= William Paynel, 1st Baron Paynel =

Coat of arms of William Paynel, Lord of Trotton, Argent, two bars Sable, an orle of 8 marlets Gules..

William Paynel, 1st Baron Paynel (Note: Surname also spelt Paganel or Paynell) (died 1317), Lord of Trotton, Littleton, Knighton Paynel and Woolbedding, was an English noble. He fought in the wars in Flanders and Scotland. He was a signatory of the Baron's Letter to Pope Boniface VIII in 1301.

==Biography==
William was the second son of William Paynel and Maud Husse. He served in Flanders in 1297 and in Scotland between 1299 until 1316. He was a signatory of the Baron's Letter to Pope Boniface VIII in 1301, together with his brother John.

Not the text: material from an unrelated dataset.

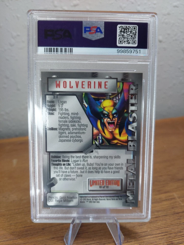 Up for sale is a rare and highly sought-after 1995 Marvel Metal Blaster Wolverine Limited Edition #18 PSA 9 trading card. This card features the iconic Marvel character Wolverine and is part of the Marvel Metal set manufactured by Fleer. The card is made of high-quality card stock and has a standard size. This non-sport trading card is an original and licensed reprint from the Marvel (MCU) franchise. It is perfect for collectors of comics and X-Men TV show memorabilia. The card is in excellent condition and is a great addition to any collection. Don't miss your chance to own this limited edition Marvel Metal Blaster Wolverine trading card.

He succeeded his elder brother Thomas in 1313. Inheriting lands in Okhangre, Wedeford, Burhonte, Butrlee and Westworldham.

He married firstly, Margaret, widow of John de Camoys, she was the daughter of John de Gatesden. His second wife was Eve, widow of Roger de Shelvestrode, the daughter of John de Dawtry. William died in 1317 without issue. Eva later remarried Edward St John. William was succeeded by his brother John.